Carrier: gas helium for chromatography R.
Flow rate: 2.8 mL/min.
Temperature:
| Time
(min) |
Temperature
(°C) |
|
| Column | 0 – 1 | 80 |
| 1 – 3 | 80 → 150 | |
| 3 – 15.5 | 150 → 300 | |
| 15.5 – 17.5 | 300 | |
| Injection port | 275 or use cold on-column injection | |
| Detector | 325 |
Detection: Flame ionisation.
Injection: 0.5 μL, splitless or by cold on-column injection.
Relative retention: With reference to β-lactose (retention time = about 12 min): α-lactose = about 0.9.
System suitability: Reference solution:
— resolution: minimum 3.0 between the peaks due to α-lactose and β-lactose.

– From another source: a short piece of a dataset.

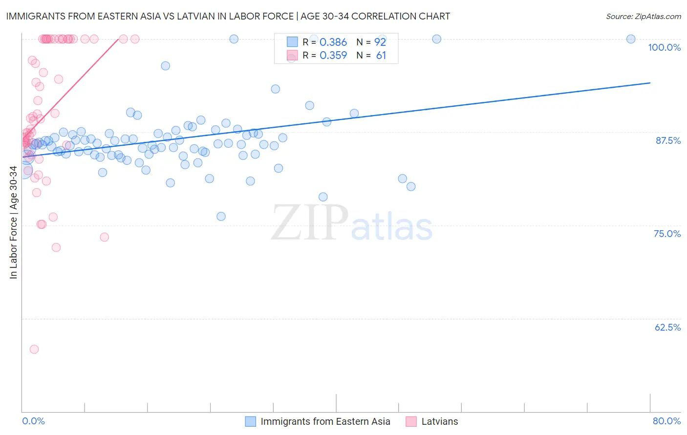 Immigrants from Eastern Asia vs Latvian In Labor Force | Age 30-34 Correlation Chart
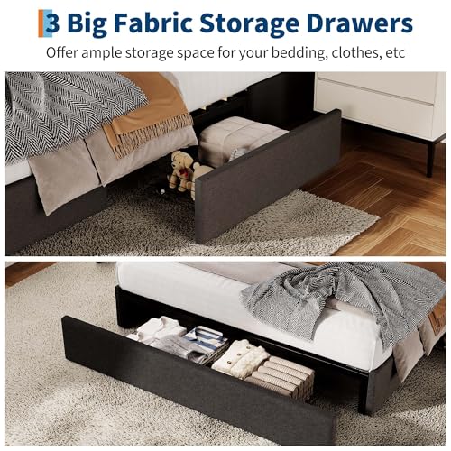 IDEALHOUSE Queen Size Bed Frame with 3 Large Storage Drawers, Fabric Upholstered Platform Bed, Wooden Slats Support, No Box Spring Needed, Noise Free, Easy Assembly, Grey

Calculate the percentage content of α-lactose using the following expression:
100 Sa/ (Sa + Sb)
Calculate the percentage content of β-lactose using the following expression:
100 Sb/ (Sa + Sb)
Sa = area of the peak due to α-lactose;
Sb = area of the peak due to β-lactose.
Loss on drying (2.2.32)
Determine on 1.000 g by drying in an oven at 80 °C for 2 h.
1 This monograph has undergone pharmacopoeial harmonisation. See chapter 5.8. Pharmacopoeial harmonisation.